A few months ago, I played Hunt: Showdown, a competitive multiplayer shooter produced by Crytek. Hunt is an unusual game in which teams of one, two, and three players all compete for the same objectives. How can such a design ever be well-balanced for a competitive game?
Hunt: Showdown balances asymmetrical teams by ensuring that smaller teams play against worse players to compensate for the disadvantage of having fewer teammates.
While explaining Hunt: Showdown to a friend, we weren’t sure whether that second point is fair in practice; is it reasonable for the game’s rating system to pit a single seasoned gamer against a team of newbies? I set out to answer this question.
Rating System
Hunt: Showdown uses an Elo rating system (also known as Match Making Rating or “MMR"). Whenever a player kills another player, both players' MMRs are updated. Instead of exposing each player’s 4-digit MMR, each player is grouped into a broader “star rating” between 1 (the lowest rating) and 6 (the highest rating).

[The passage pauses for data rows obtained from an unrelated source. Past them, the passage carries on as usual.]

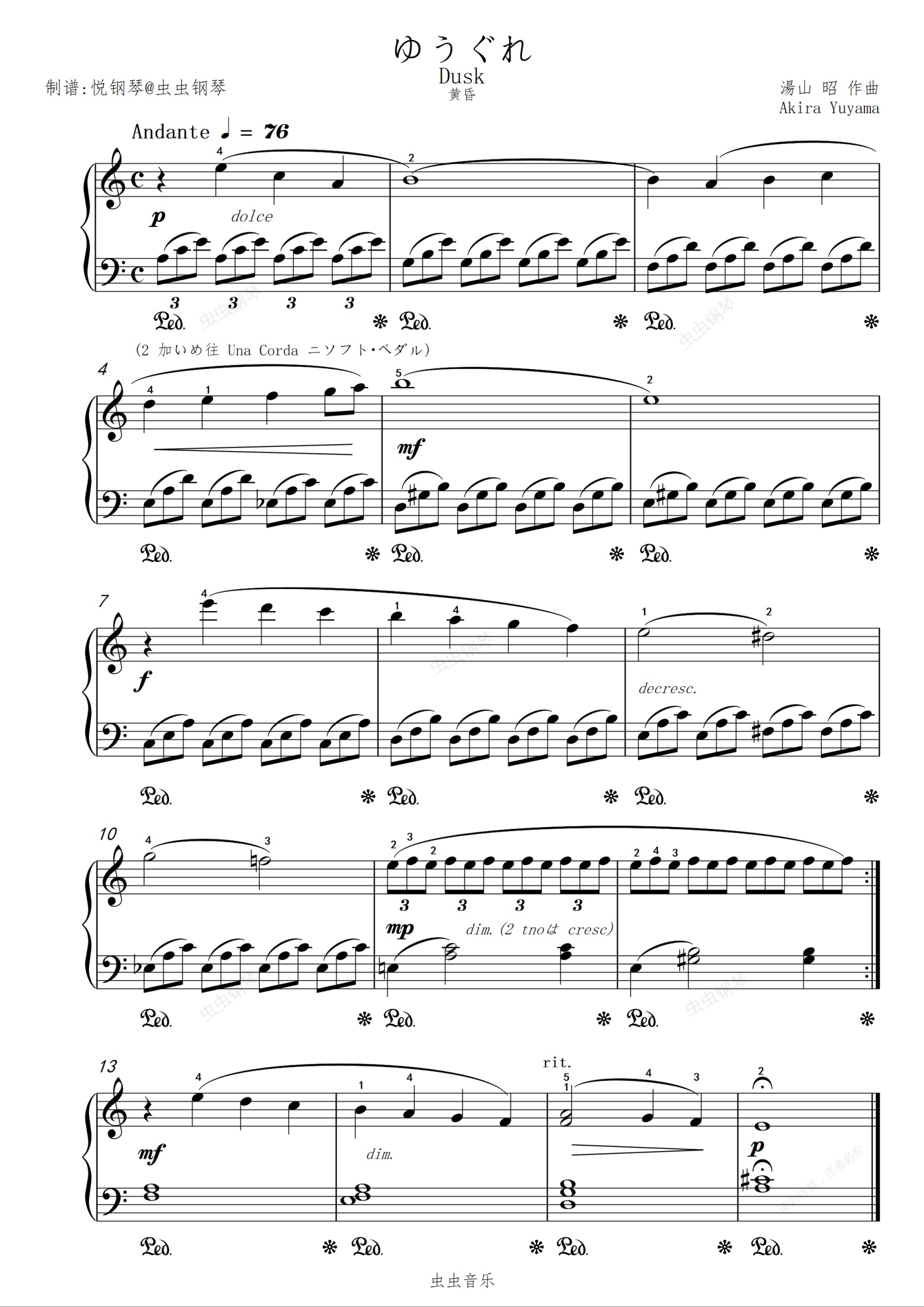 钢琴谱:黄昏//Dusk【唯美-超好听】
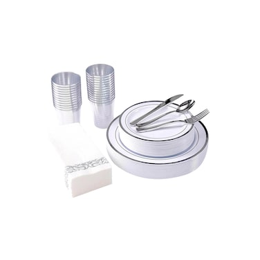 Aiwanto 175Pcs Disposable Plates Set Dinner Plate Set Wedding Party Disposable Silver Plastic Plates Set
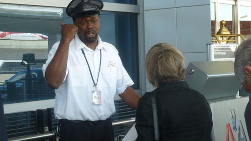 Sidewalk check-in for the American Airlines direct flight to Manchester. Brigid will then hop a train for a couple of hour ride to York.
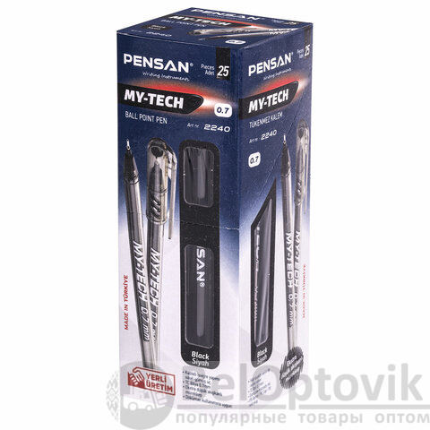 Ручка шариковая масляная PENSAN "My-Tech", ЧЕРНАЯ, игольчатый узел 0,7 мм, линия письма 0,35 мм, 2240/25

These individual MMR scores are then used to calculate a “Match MMR”. Match MMR is explained by Hunt: Showdown as follows:
Match MMR is a score used for team matchmaking. Match MMR takes each team member’s individual MMR and uses it to calculate a team MMR score. This value - your team’s Match MMR - is then used to find a fitting match. Additional modifiers can be applied on top to help place smaller or random teams in fairer matches.
In short, solo players will have a lower Match MMR, allowing them to be matched against other solo players of similar skill and teams of players who are individually weaker.
Modelling the Encounter
To mathematically model an encounter between two differently-sized, differently-skilled teams, we’ll use a Markov chain. We’ll then use our model to calculate the probability of each team winning.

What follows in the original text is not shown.